1.5 Databricks SQL and the Photon Engine
Key Takeaways
- Databricks SQL provides a SQL-native interface for running queries, building dashboards, and creating alerts directly on Lakehouse data.
- SQL warehouses come in three types: Classic (VMs in your account), Pro (adds federation and advanced features), and Serverless (Databricks-managed for instant startup).
- The Photon engine is a C++ vectorized query engine that dramatically accelerates SQL and DataFrame operations compared to standard Spark.
- Databricks SQL dashboards allow visualization of query results with charts, tables, and auto-refresh schedules.
- Query history and query profiles help debug performance issues by showing execution plans, I/O statistics, and bottlenecks.

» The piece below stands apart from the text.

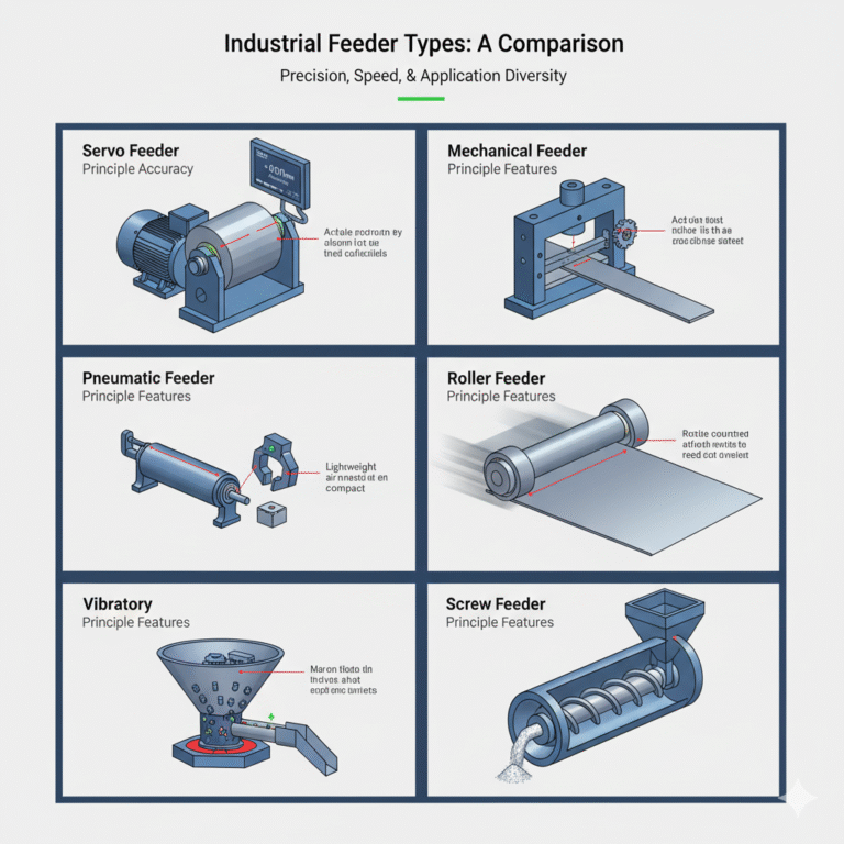 | Pneumatic Feeder | Pneumatic cylinder | ±0.3mm | ≤1.5mm | Low cost, easy maintenance | Small parts stamping, light load |
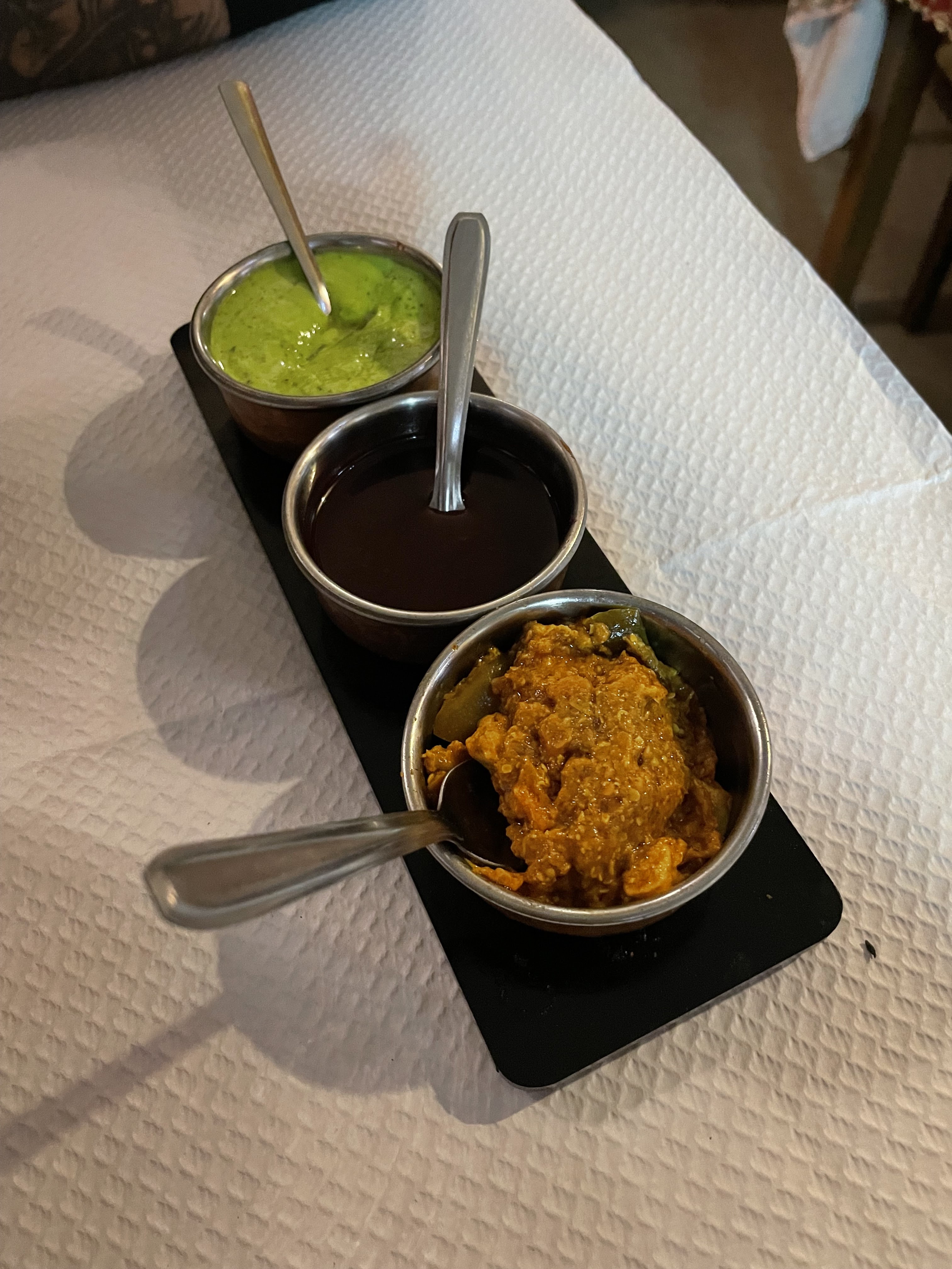 Petit restaurant accueillant, avec une serveuse à l'écoute et de bon conseil. De très bon plats. Les lassis sont très bon (4,5/5). Les 3 sauces sont moins à mon goût mais offre tout de même une experience gustative agréable. Un 4 🌟 /5 pour ce très bon restaurant indien : la 5ème 🌟 étant réservé à l'excellence d'une précédente expérience.

Databricks SQL and the Photon Engine
Quick Answer: Databricks SQL is a SQL-native analytics interface for running queries and building dashboards on Lakehouse data. SQL warehouses provide the compute (Classic, Pro, or Serverless). The Photon engine accelerates queries using a vectorized C++ runtime.
Databricks SQL Overview
Databricks SQL is the analytics layer of the Data Intelligence Platform:
| Feature | Description |
|---|---|
| SQL Editor | Write and run SQL queries with autocomplete and syntax highlighting |
| Dashboards | Visualize query results with charts, tables, and counters |
| Alerts | Trigger notifications when query results meet conditions |
| Query History | View past queries, execution time, and resource usage |
| Query Profile | Detailed execution plan for performance debugging |
SQL Warehouse Types
| Type | Compute Location | Startup Time | Key Feature |
|---|---|---|---|
| Classic | Your cloud account | Minutes | Basic SQL queries |
| Pro | Your cloud account | Minutes | Lakehouse Federation, query caching |
| Serverless | Databricks-managed | Seconds | Instant startup, auto-scaling |
Serverless SQL Warehouses
- No cluster provisioning delay — queries start in seconds
- Auto-scales based on query concurrency
- Cost-efficient — scales to zero when not in use
- Databricks manages the underlying infrastructure
- Recommended for most SQL analytics workloads
Photon Engine
Photon is a high-performance C++ vectorized query engine that replaces parts of the Spark JVM execution:
How Photon Improves Performance
- Vectorized execution: Processes batches of rows instead of one row at a time
- Native C++ code: Eliminates JVM overhead (garbage collection, serialization)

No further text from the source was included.